= Michael A. Knibb =

English biblical scholar (1938–2023)

Michael Anthony Knibb (14 December 1938 – 6 December 2023) was an English biblical scholar and academic. He was Samuel Davidson Professor of Old Testament Studies at King's College London from 1997 to 2001.

Born 14 December 1938, he completed BD and PhD degrees at King's College. He was appointed lecturer in Old Testament studies there in 1964 and was promoted to a readership in 1982 and a professorship in 1986, which he held until being appointed to the Davidson chair in 1997. In 1989, he was elected a Fellow of the British Academy, the United Kingdom's national academy, and served on its council from 1992 to 1995. He was also elected a Fellow of King's College in 1991.

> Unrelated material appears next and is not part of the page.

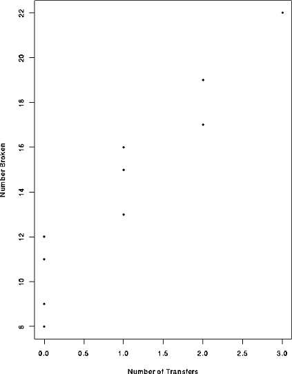 plot(Transfers,Broken,xlab="Number of Transfers",ylab="Number Broken")

Knibb died on 6 December 2023, at the age of 84.

== Publications ==
- The Ethiopic Book of Enoch: A New Edition in the Light of the Aramaic Dead Sea Fragments, 2 vols. (Clarendon Press, 1978).
- Translating the Bible: The Ethiopic Version of the Old Testament (Oxford University Press, 1999) – Knibb's Schweich Lectures on Biblical Archaeology for the British Academy given in 1995.
- (Editor) The Septuagint and Messianism (Leuven University Press, 2006).
- Essays on the Book of Enoch and other early Jewish Texts and Traditions (Brill, 2009).
- The Ethiopic Text of the Book of Ezekiel: A Critical Edition (Oxford University Press, 2015).